Cuenta la leyenda que Alfred Grévin fue el creador de los primeros personajes de cera que se exhibieron en Francia. Esto ocurría en algún momento del siglo XIX y si bien la «idea de negocios» con todo y capital fue del señor Meyer, el recinto lleva el nombre del artista: Musée Grévin.
No le guardo rencor a don Alfred, aunque debería, pues por su culpa estuve un domingo, frío y feo, esperando en plena calle, para entrar a dicho sitio. La cola, como es típico en París, era larga y lenta y, si me permiten el símil gastado, parecía una serpiente aburrida. Yo no deseaba otra cosa salvo largarme de allí, no me importaba que los boletos ya estuvieran pagados.
Antes de entrar, nos obligaron a pasar nuestras mochilas por un flamante detector de metales. Seguridad perfecta, que hace unos días no funcionó, ya que los muchachos de Greenpeace decidieron empezar el mes de junio de manera ruidosa y creativa. En dos patadas entraron disfrazados de turistas extenuados y se llevaron la estatua de Emmanuel Macron, el ínclito presidente de Francia, (¿agregó comillas a esa palabreja?).
Dijeron que trabajaban en el taller de reparaciones del museo y que ya le tocaba la revisión de los 20 mil kilómetros. Nadie dudó de su palabra. Acto seguido, tomaron la salida de emergencia, no sin antes dejar una atenta nota en la que agradecían el préstamo y aseguraban que, en un par de días, la devolverían intacta.

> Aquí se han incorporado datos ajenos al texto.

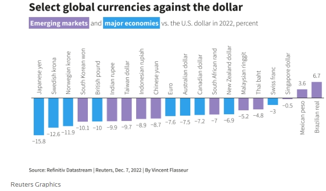 Захватывающий дух скачок курса доллара США растоптал иностранные валюты, увеличил прибыль корпораций и подарил инвесторам одну из немногих выигрышных сделок в этом году. Хотя доллар в последние недели сильно упал, опасения по поводу рецессии могут удержать его на высоком уровне в 2023 году.
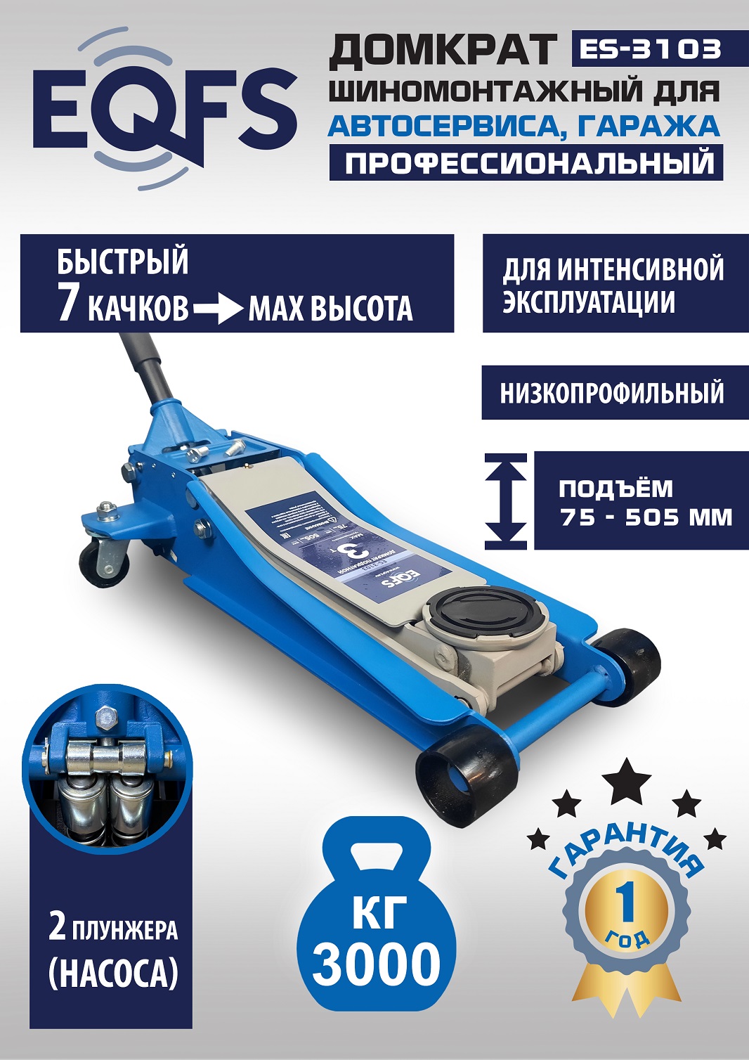 ES-3103 Домкрат подкатной низкопрофильный 3т. Гарантия 1 год. Профессиональный. Для интенсивной эксплуатации. 7 качков для поднятия на макс высоту. Подкатной. Низкопрофильный. Двухштоковый механизм. Усиленная конструкция. Быстрый подъем. Имеет повышенную износостойкость. Поворотная ручка, тавотница, лоток для хранения и резиновая накладка на чашку домкрата в комплекте. Грузоподъемность 3 тонны с усиленными ребрами жесткости. Высота подъема мин / макс - 75-505 мм. ВЕС - 34,5 кг.

Aquella misma mañana del dos de junio, don Emmanuel apareció frente a la Embajada de Rusia. Así protestaron contra la doble cara del gobierno francés, puesto que, con una mano condenó la invasión a Ucrania y, con la otra, no ha dejado de celebrar negocios con monsieur Putin: «Business is business», decían las beligerantes pancartas que el presidente contemplaba con su sonrisa, que de tan radiante, parecía de verdad. Según la ONG, en lo que va del año, Francia compró y compró litros y más litros de gas ruso, tanto como ningún otro país europeo. Estas compras –¿de pánico? ¿Acaso había promociones: compre uno y llévese dos?–, generaron unos tres mil millones de euros de ganancia, los cuales sirvieron para financiar la guerra y, por supuesto, para calentar un poco más el planeta.

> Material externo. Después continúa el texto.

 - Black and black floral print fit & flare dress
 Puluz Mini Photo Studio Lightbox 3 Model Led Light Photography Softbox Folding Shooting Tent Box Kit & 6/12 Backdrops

El director del museo, Yves Delhommeau quedó como tonto en un principio (ni las alarmas sonaron, ni nadie de su personal se dio cuenta de lo sucedido) y solo deseó que los activistas no maltrataran la figura, que bastante dinero había costado. Luego, cuando la regresaron, pensó si no sería mejor esconder a los personajes políticos. ¿Se refería a los de cera o a los de carne, huesos y pescuezo? Después, recordó otros incidentes similares: En 2014, a alguien le dio por apuñalar la estatua de Vladimir Putin, razón por la cual ya no la podemos apreciar y años antes, la de George Marchais (el otrora líder del partido comunista, a quien no tenía el gusto de conocer) fue arrojada a la jaula de los osos, en el Jardin des plantes.

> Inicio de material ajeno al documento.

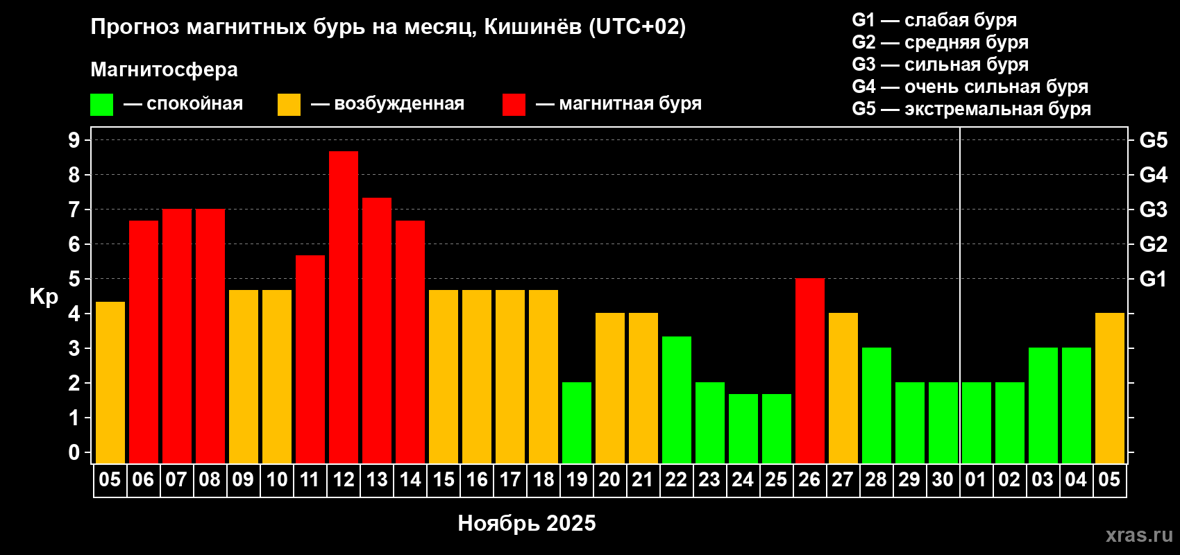 Прогноз магнитных бурь в Кишинёве — 5 ноября 2025 года
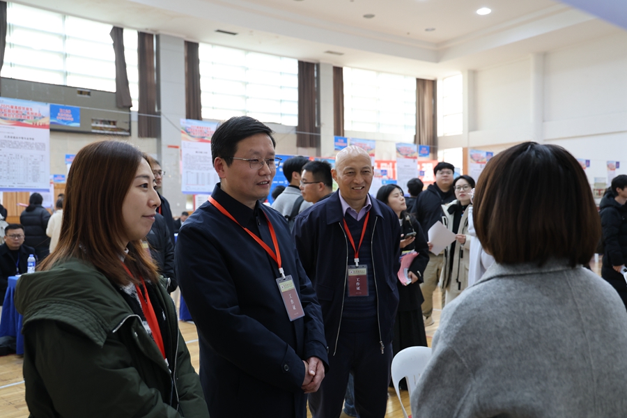 商亮在招聘會現場走訪了用人單位。他與用人單位親切交流,了解用人單位對師范生的專業素養、教學能力和實踐經驗方面的要求,并期待用人單位多挖掘聘用我校的優秀師范畢業生。同時,他鼓勵現場求職的畢業生要樹立積極求職心態,合理定位求職目標,拓展求職視野,把握關鍵機遇。

Eso sí, nadie le preguntó ni al director ni al presidente de la república por el barquito Warrior Rainbow, que hace casi cuarenta años los servicios secretos franceses hundieron sin una pizca de empatía ecologista y con un fotógrafo adentro, allá por los rumbos de Nueva Zelanda.
En efecto, la agrupación Paz Verde, que suena mejor en inglés, nació a inicios de los años 70 y su primera protesta fue contra las pruebas de armas nucleares que Estados Unidos de Norteamérica, es decir, la nación que se jacta de velar por la democracia interplanetaria, llevó a cabo en Alaska. La operación no cuajó, pero ellos se volvieron famosos, a tal punto que les dieron ese barco para poder llevar su activismo por todos lados. Es más, en 1985 volvieron a inconformarse porque el gobierno franchute estaba haciendo lo mismo: probar bombas y bombones nucleares en alguna isla perdida del Pacifico, hasta que Mitterrand se enojó y a los chicos de Greenpeace se les nubló su arcoíris, pero esa es otra historia…
En fin, sé que ya no sería original si se sirven otra vez de un muñeco de cera, pero ¿ya pensaron en las piñatas? Los agremiados de México estarían encantados de conseguir unos monigotes coloridos que nos recuerden a los dirigentes actuales. ¿Quién no donaría diez dólares o diez arbolitos para darle de palos a estos carismáticos y comprometidos políticos, aunque fuera por un par de segundos? Sin duda, la fila sería tan concurrida como la que uno hace en el Museo Grévin.